First and foremost on the lips of pundits on Capitol Hill is the matter of social security: White House aides will have you believe that it's in crisis, and needs to be reformed urgently, while Democratic leaders from across the aisle, such as former vice-presidential candidate Joe Lieberman, are more temperate about this issue. So, tongues are wagging: what to do about this problem?

In my lecturing days, I used to examine the fallibility of this elaborate system of social-insurance in terms of the following analogy: If your house is on fire, you better get out! The students in my courses, after I would spring this on them with great aplomb, would often look quizzically at one another. The confusion and dismay on their university-trained faces was priceless. And then, of course, an outspoken student would inevitably question my analogy: "Professor Preminger, why would you assume going into the argument that the system is inherently flawed? Is there not room for debate on the solvency of the New Deal's greatest social legacy?"

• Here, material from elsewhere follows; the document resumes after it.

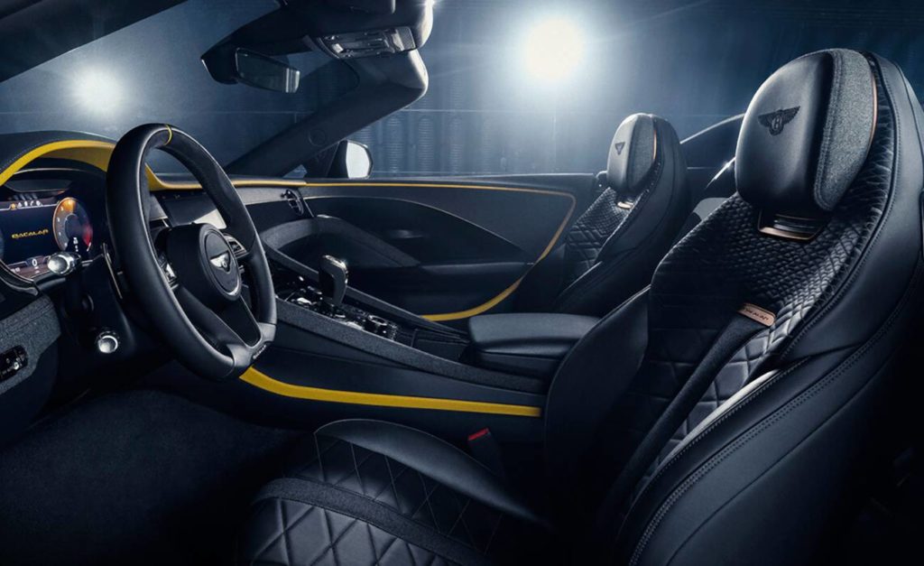 Invece del tradizionale distintivo tradizionale, i designer di Bentley hanno pensato a un nuovo e modo speciale per identificare l\'auto: il nome Bacalar appare sul pannello posteriore, nascosto dietro la lacca della vernice di buccia di riso sostenibile, con la A maiuscola che definisce meglio i contorni dell\'area del paraurti inferiore. Ai clienti viene offerta, infine, la possibilità di acquistare un set di bagagli su misura realizzati da Schedoni - brand italiano del lusso per l\'industria automobilistica per quasi 140 anni – in esclusiva per la propria Bacalar e che si abbina perfettamente alle finiture e ai materiali del cockpit. (Fabio Schiavo)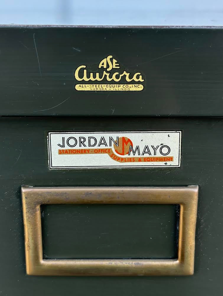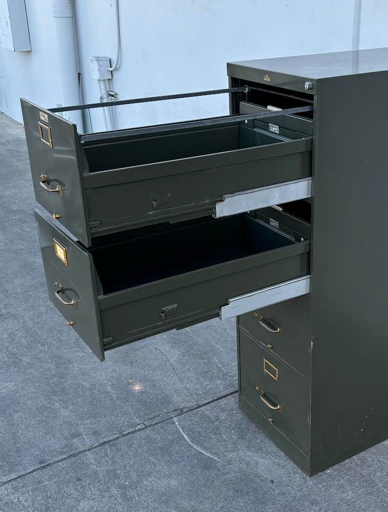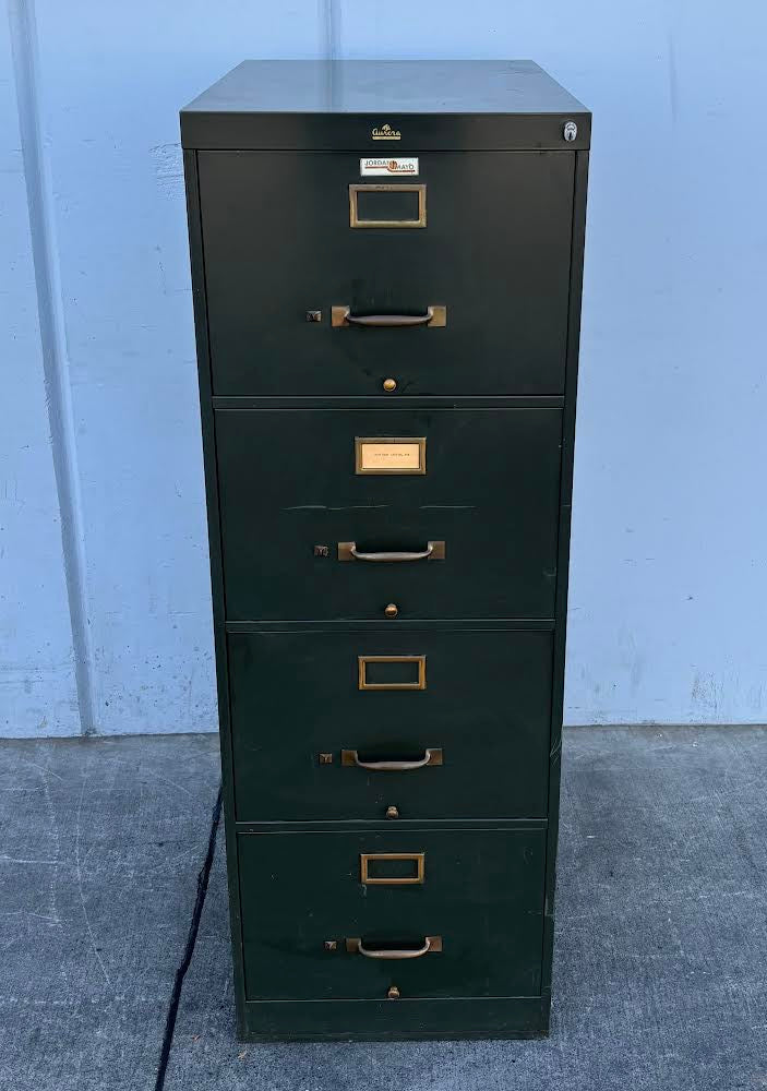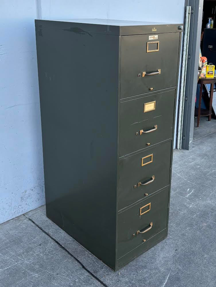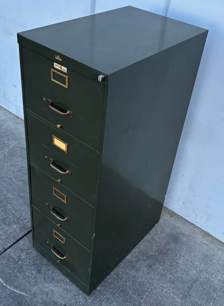 Hello we are selling a ASE aurora jordan mayo Green Metal Antique 4 Tier File Cabinet (no key) , it is in good condition .

While I was technically a guest-lecturer and not a full-fledged professor, I wouldn't take issue with the phrasing of their questions, and would instead drop the following pearl of wisdom: Social Security, I'd say while putting down my chalk and tugging delicately at my tie (an act which would often leave white marks across my chest), functions as a system of economic redistribution, whereby payments are guaranteed to those who contribute during the course of their lifetime. And what had we learned from the (then-recent) collapse of Polish and Romanian communism, other than that systems of economic redistribution must ultimately result in a subsequent economic collapse that in turn leads to said nation exporting its teenaged daughters abroad to appear in Western pornographic films? Is this the sort of legacy of social security with which we want to be burdened as Americans?

When making this last point, I would always be sure to peer directly at the various co-eds scattered throughout the lecture hall. I wanted them to understand that their livelihoods as future lawyers, doctors, and housewives were in danger if we didn't open our minds to the prospect of, say, privatizing our support network for the nation's elderly. (Also, I should add as an afterthought, women are perfectly capable of being lab technicians, programmers, and construction foremen, just to be clear. I don't want the low culture ombudsman to be over-inundated with anxious remarks from yippity feminists.)

So, returning to the point at hand, social security: is this a net that can afford to catch each and everyone of us, or has this system of public subsidies left the roping on this allegorical net dispersed so widely apart that we will all fall through the cracks someday in the not-too-distant future? And what is under this net, but the vast expanse of the Sea of Lonely Death?

That, my friends, lovers, and countrymen, is a pool in which I don't want to go swimming.

Posted in a Grave, Satirical fashion.